Exercise instructions ->
Below are several records. Retype exactly those lines running from the one with "The Chalcidoidea and" through the one with "りなのホストシスターとホスト", end lines included, and no others.

Records shown ->
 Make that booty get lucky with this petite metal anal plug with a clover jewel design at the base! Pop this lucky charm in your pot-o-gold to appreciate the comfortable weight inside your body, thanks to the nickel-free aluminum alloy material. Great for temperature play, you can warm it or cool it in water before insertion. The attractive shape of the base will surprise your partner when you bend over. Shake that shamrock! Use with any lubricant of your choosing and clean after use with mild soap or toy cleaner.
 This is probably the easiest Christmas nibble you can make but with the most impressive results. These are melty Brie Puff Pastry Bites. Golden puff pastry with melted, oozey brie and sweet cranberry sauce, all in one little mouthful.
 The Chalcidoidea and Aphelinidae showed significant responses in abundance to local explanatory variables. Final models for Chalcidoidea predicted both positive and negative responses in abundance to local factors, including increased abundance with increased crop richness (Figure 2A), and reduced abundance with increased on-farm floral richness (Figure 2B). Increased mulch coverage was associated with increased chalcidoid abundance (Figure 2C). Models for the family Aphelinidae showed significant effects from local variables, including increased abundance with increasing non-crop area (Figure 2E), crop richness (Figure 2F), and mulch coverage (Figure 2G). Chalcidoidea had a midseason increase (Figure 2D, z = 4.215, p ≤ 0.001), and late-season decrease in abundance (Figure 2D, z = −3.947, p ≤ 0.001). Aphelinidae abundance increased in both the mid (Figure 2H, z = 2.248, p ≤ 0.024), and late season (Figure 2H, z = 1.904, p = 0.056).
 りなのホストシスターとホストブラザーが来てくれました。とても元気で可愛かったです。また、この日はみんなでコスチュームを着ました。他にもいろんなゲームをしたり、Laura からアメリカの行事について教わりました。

==

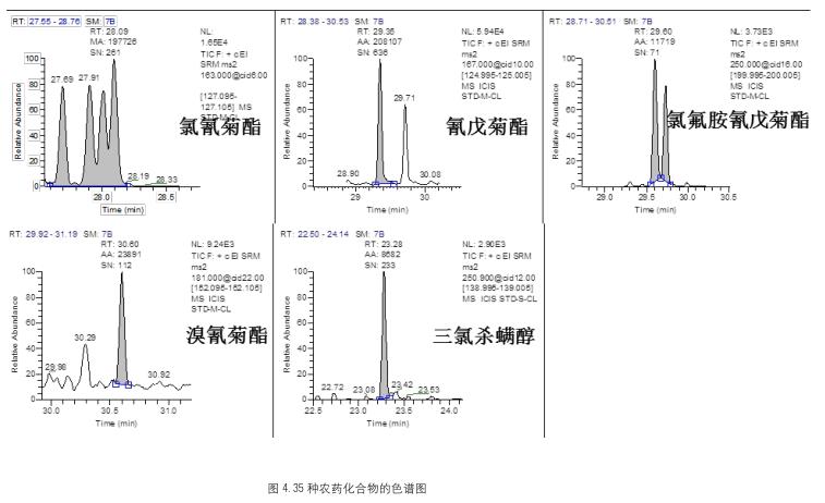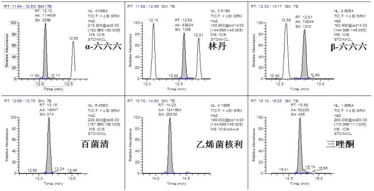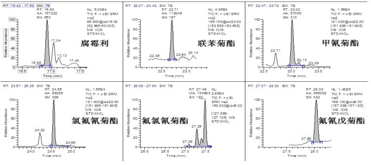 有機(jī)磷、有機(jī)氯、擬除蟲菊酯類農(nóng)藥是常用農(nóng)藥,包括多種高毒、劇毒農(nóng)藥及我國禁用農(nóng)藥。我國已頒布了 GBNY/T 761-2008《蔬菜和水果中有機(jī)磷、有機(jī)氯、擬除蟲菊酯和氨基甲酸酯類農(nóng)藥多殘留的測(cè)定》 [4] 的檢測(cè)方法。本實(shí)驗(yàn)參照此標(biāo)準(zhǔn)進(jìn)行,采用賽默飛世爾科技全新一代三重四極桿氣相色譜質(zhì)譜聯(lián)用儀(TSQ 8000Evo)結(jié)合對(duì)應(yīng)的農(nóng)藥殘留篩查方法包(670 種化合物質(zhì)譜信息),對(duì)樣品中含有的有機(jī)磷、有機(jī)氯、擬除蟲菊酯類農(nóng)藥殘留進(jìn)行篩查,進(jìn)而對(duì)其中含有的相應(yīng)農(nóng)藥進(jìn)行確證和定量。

Expected answer ->
 The Chalcidoidea and Aphelinidae showed significant responses in abundance to local explanatory variables. Final models for Chalcidoidea predicted both positive and negative responses in abundance to local factors, including increased abundance with increased crop richness (Figure 2A), and reduced abundance with increased on-farm floral richness (Figure 2B). Increased mulch coverage was associated with increased chalcidoid abundance (Figure 2C). Models for the family Aphelinidae showed significant effects from local variables, including increased abundance with increasing non-crop area (Figure 2E), crop richness (Figure 2F), and mulch coverage (Figure 2G). Chalcidoidea had a midseason increase (Figure 2D, z = 4.215, p ≤ 0.001), and late-season decrease in abundance (Figure 2D, z = −3.947, p ≤ 0.001). Aphelinidae abundance increased in both the mid (Figure 2H, z = 2.248, p ≤ 0.024), and late season (Figure 2H, z = 1.904, p = 0.056).
 りなのホストシスターとホストブラザーが来てくれました。とても元気で可愛かったです。また、この日はみんなでコスチュームを着ました。他にもいろんなゲームをしたり、Laura からアメリカの行事について教わりました。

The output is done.